This document should cover 7.32.0 pretty accurately, but will make sense even
for older and later versions as things don't change drastically that often.

 1. The main structs in libcurl
  1.1 SessionHandle
  1.2 connectdata
  1.3 Curl_multi
  1.4 Curl_handler
  1.5 conncache
  1.6 Curl_share
  1.7 CookieInfo

==============================================================================

1. The main structs in libcurl

  1.1 SessionHandle

  The SessionHandle handle struct is the one returned to the outside in the
  external API as a "CURL *". This is usually known as an easy handle in API
  documentations and examples.

  Information and state that is related to the actual connection is in the
  'connectdata' struct. When a transfer is about to be made, libcurl will
  either create a new connection or re-use an existing one. The particular
  connectdata that is used by this handle is pointed out by
  SessionHandle->easy_conn.

  Data and information that regard this particular single transfer is put in
  the SingleRequest sub-struct.

  When the SessionHandle struct is added to a multi handle, as it must be in
  order to do any transfer, the ->multi member will point to the Curl_multi
  struct it belongs to. The ->prev and ->next members will then be used by the
  multi code to keep a linked list of SessionHandle structs that are added to
  that same multi handle. libcurl always uses multi so ->multi *will* point to
  a Curl_multi when a transfer is in progress.

  ->mstate is the multi state of this particular SessionHandle. When
  multi_runsingle() is called, it will act on this handle according to which
  state it is in. The mstate is also what tells which sockets to return for a
  speicific SessionHandle when curl_multi_fdset() is called etc.

  The libcurl source code generally use the name 'data' for the variable that
  points to the SessionHandle.


  1.2 connectdata

  A general idea in libcurl is to keep connections around in a connection
  "cache" after they have been used in case they will be used again and then
  re-use an existing one instead of creating a new as it creates a significant
  performance boost.

  Each 'connectdata' identifies a single physical conncetion to a server.

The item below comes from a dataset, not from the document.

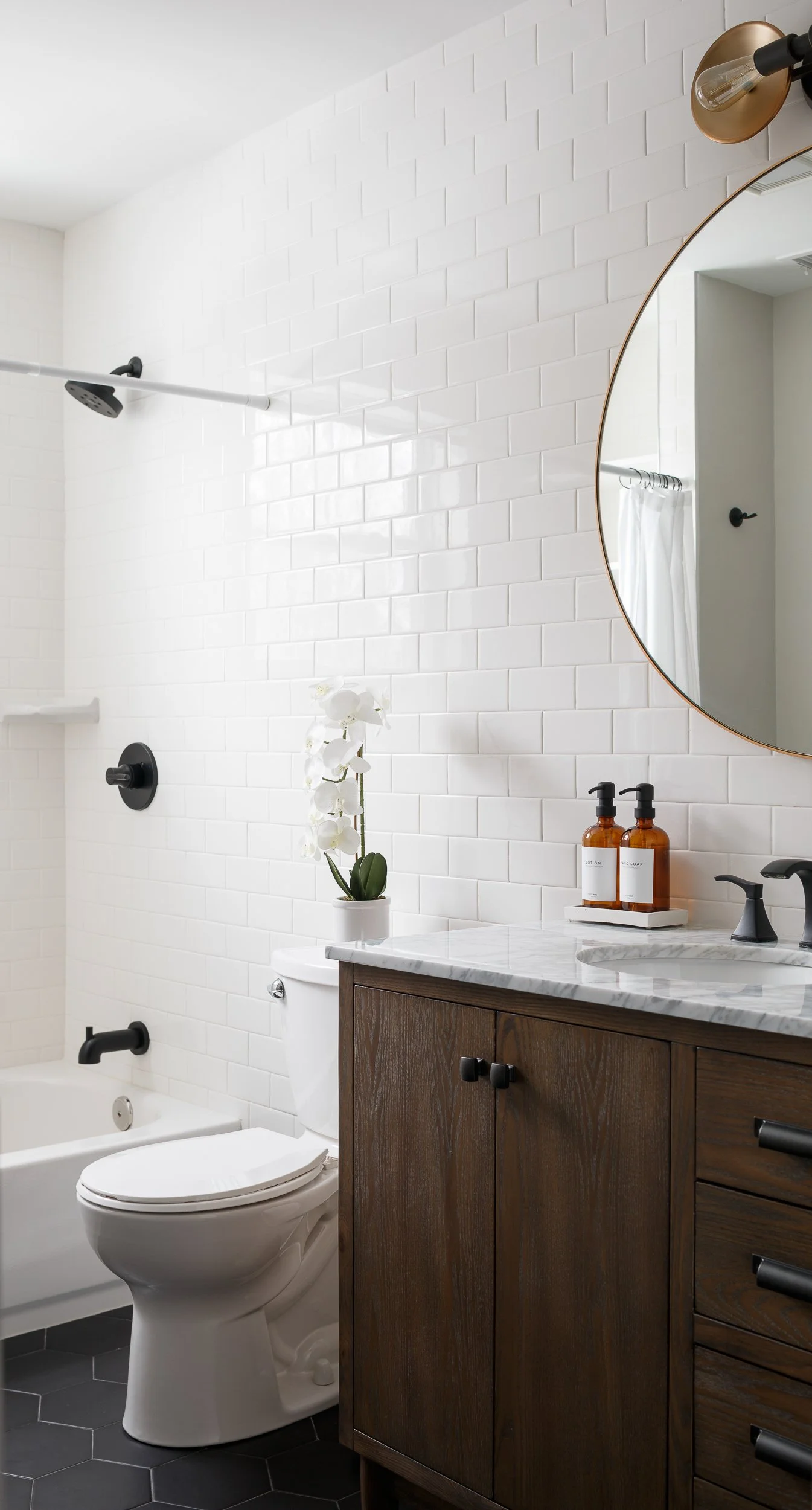 The shared bathroom has a stylish wood vanity with a marble countertop, subway-tile walls, black hexagon tile floors and a shower/tub.

If
  the connection can't be kept alive, the connection will be closed after use
  and then this struct can be removed from the cache and freed.

  Thus, the same SessionHandle can be used multiple times and each time select
  another connectdata struct to use for the connection. Keep this in mind, as
  it is then important to consider if options or choices are based on the
  connection or the SessionHandle.

  Functions in libcurl will assume that connectdata->data points to the
  SessionHandle that uses this connection.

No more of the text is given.